Some graphs that jumped out at me:

"In his first extensive interview since resigning as FEMA director on Monday under intense criticism, Mr. Brown declined to blame President Bush or the White House for his removal or for the flawed response.

"I truly believed the White House was not at fault here," he said.

Where did Goodman find any indictment on the part of Brown?

"The account also suggests that responsibility for the failure may go well beyond Mr. Brown, who has been widely pilloried as an inexperienced manager who previously oversaw horse show judges."

That one is for people who didn't want to read the entire article. This is editorializing combined with a puerile cheap shot from where I stand. To me Brown's story seems to illustrate more his dilemma as a bureaucrat caught between a wholly ineffective local political infrastructure and his higher headquarters at DHS and the administration who, in my opinion, were caught flatfooted by the total lack of competence at the state and local levels.

You have to read all the way to the bottom of the page for the best stuff, though:

"Mr. Brown acknowledged that he had been criticized for not ordering a complete evacuation or calling in federal troops sooner. But he said the storm made it hard to communicate and assess the situation."

I'd dearly love to find a transcript of the press conference or interview this article was based on. Mr. Brown doesn't have the authority to order evacuations, nor does FEMA appear in any chain of command for deploying troops.

I believe that if fault for failure is ever fairly assigned, the onus can only land in Louisiana. The federal response was just that - a RESPONSE conforming to the requests (or lack thereof) that should have come in timely fashion from the state.

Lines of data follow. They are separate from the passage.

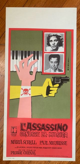 Locandina originale del film L'assassino Conosce La Musica. Mai affissa. Cm. 70x33 circa. - Titolo: L'assassino Conosce La Musica - Regia: Pierre Chenal - Attori principali: Maria Schell, Paul Meurisse - Altri attori: Sylvie Breal, Jacques Dufilho, Noel Roquevert, Claude Mann
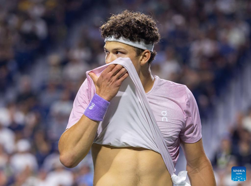 Ben Shelton of the United States reacts during the men's singles quarterfinal match between Alex De Minaur of Australia and Ben Shelton of the United States at the 2025 National Bank Open tennis tournament in Toronto, Canada, on Aug. 5, 2025. (Photo by Zou Zheng/Xinhua)
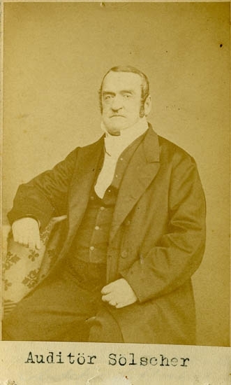 Text på kortets baksida: "Auditör Aug. Sölscher".
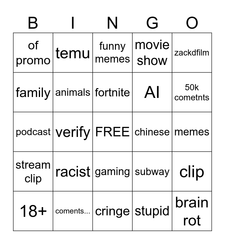 This bingo card has a free space and 24 words: racist, coments..., fortnite, 18+, zackdfilm, of promo, family, temu, chinese, gaming, AI, podcast, subway, clip, animals, stupid, memes, funny memes, 50k cometnts, verify, brain rot, stream clip, movie show and cringe.
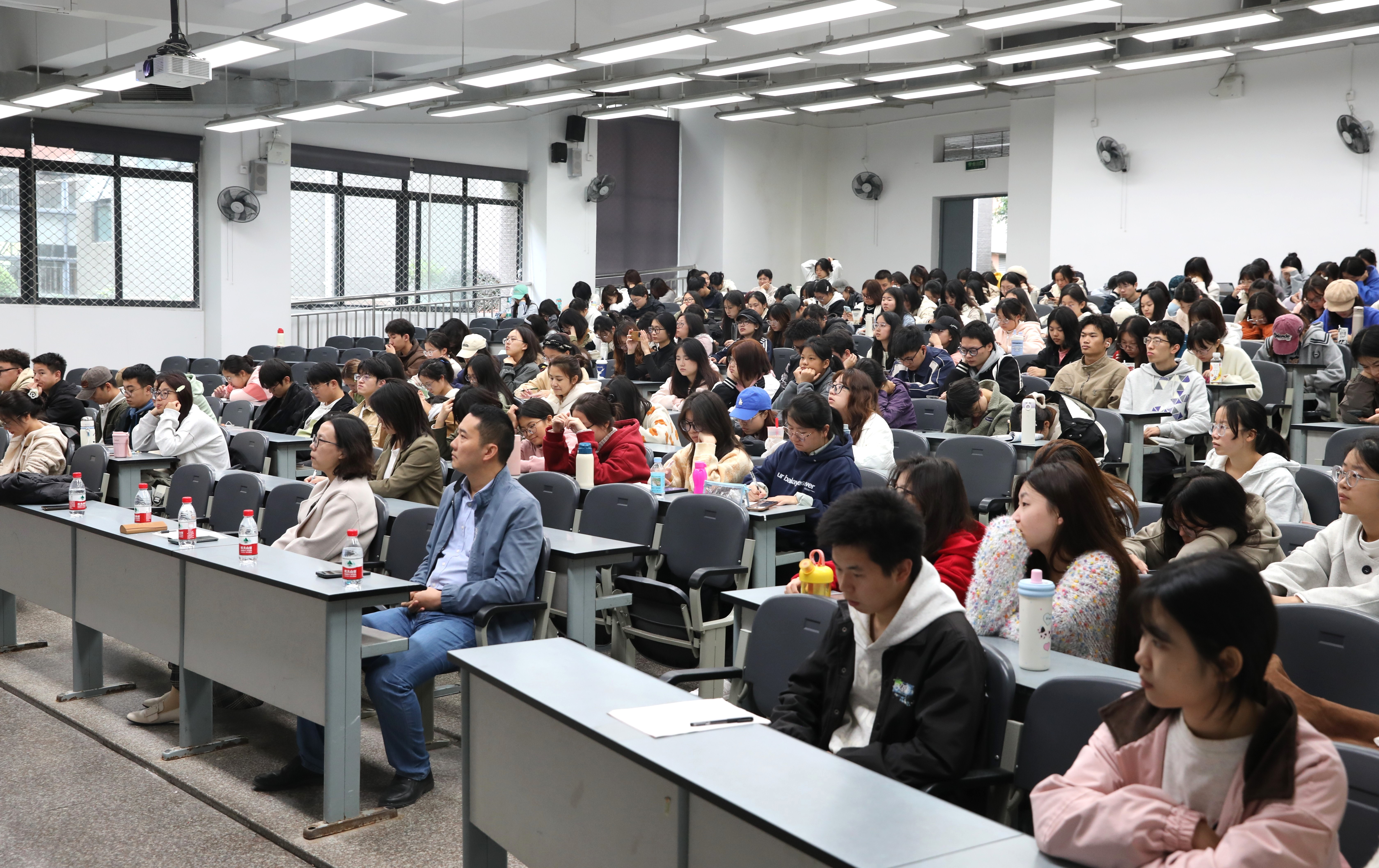 随后,张利从三方面展开讲解。创新创业方面,他提出应合理借助相关政策支持,降低高风险项目投入,增强项目抗风险能力。学科竞赛方面,他介绍并推荐了几个适合文科社科类同学参与的竞赛项目。其间,他着重强调了参赛项目筛选和参赛团队组建的重要性。他指出,筛选参赛项目需遵循差异化细分领域的总体原则,并做好充分的前期准备;组建团队要秉持“跨学科组队”原则。典型案例方面,他以果盛宝和璀璨康巴项目为例深入剖析,阐述成功打造竞赛项目的方法。最后,他点明创新创业竞赛对大学生的重要意义,并鼓励学院学生积极参与,争取在未来取得更优异的竞赛成绩。

All the bullshit about the Army Corps of Engineers blowing up levees, Bush hating black folks, and the Feds/FEMA in some way being responsible for New Orleans and Louisiana chucking their emergency response plans doesn't even rise above the background noise of Left politics any more, for me. Recovery response in this case meant getting hundreds of thousands of displaced persons rescued or relocated, moving in tons of supplies and personnel into a flattened, flooded area slightly larger than the UK, and then wading through the moonbats and their media folks anxious to find the next cross on which to hang GW. It was never going to happen overnight, and has so far played out better than I expected.